Acid-Adapted Genomes

Today Kaitlin Creamer ’16 of our Kenyon bacteria lab presented her sequence analysis for eight genomes of evolved E. coli strains adapted to acid. This project required next-generation sequencing, by Illumina MySeq, performed at Michigan State where our collaborators Rich Lenski and Zack Blount work. Kaitlin and Sean Bush ’17 installed Linux, Breseq and GATK among other things in order to piece together the genomes.

The Illumina method involves fragmenting your DNA into pieces of 250 base pairs. Each piece then gets sequenced by synthesizing DNA strands in both directions, with chemical terminators that get “read” by the machine. Then, all the millions of bits get overlapped in a giant megabase jigsaw puzzle. You can see just a fragment of it above. Each of the four DNA “letters” (nucleobases) gets a different color (red, blue, green, black). The other colors indicate regions that are suspect for various reasons.

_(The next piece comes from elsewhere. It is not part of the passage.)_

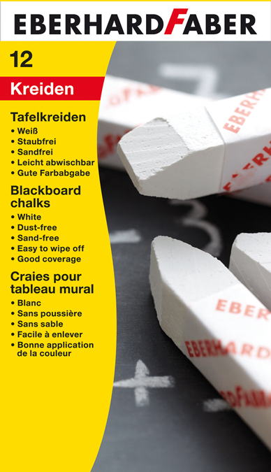 Krede Eberhard Faber so primerne za delo v šolah, vrtcih in doma. V kredah, ki so kvadratne oblike in dolge 9 cm, ni drobnih, trdnih zrnc, ki motijo pri pisanju. Med uporabo se z njih ne lušči prah, odporne so tudi proti lomljenju. Vsaka paličica krede je zavita v papir (pri uporabi ga enostavno povlečemo nazaj), zato pušča barvno sled le na risalni podlagi in ne tudi na prstih.

The topmost sequence is the published “reference” genome of a typical laboratory E. coli  strain. If all the 250-mer pieces show a different base at one position, that suggests a mutation. Mutant varieties eventually get selected for or against. After 2000 generations (doublings) of E. coli, we found various strains that could grow faster than the ancestral strain; but only in acid. So now we’re testing the mutations in these strains to find out how certain genes help the acid-challenged bacteria.

This same sequencing method now churns out human genomes, bringing closer the day when  we all have our DNA immortalized in the cloud.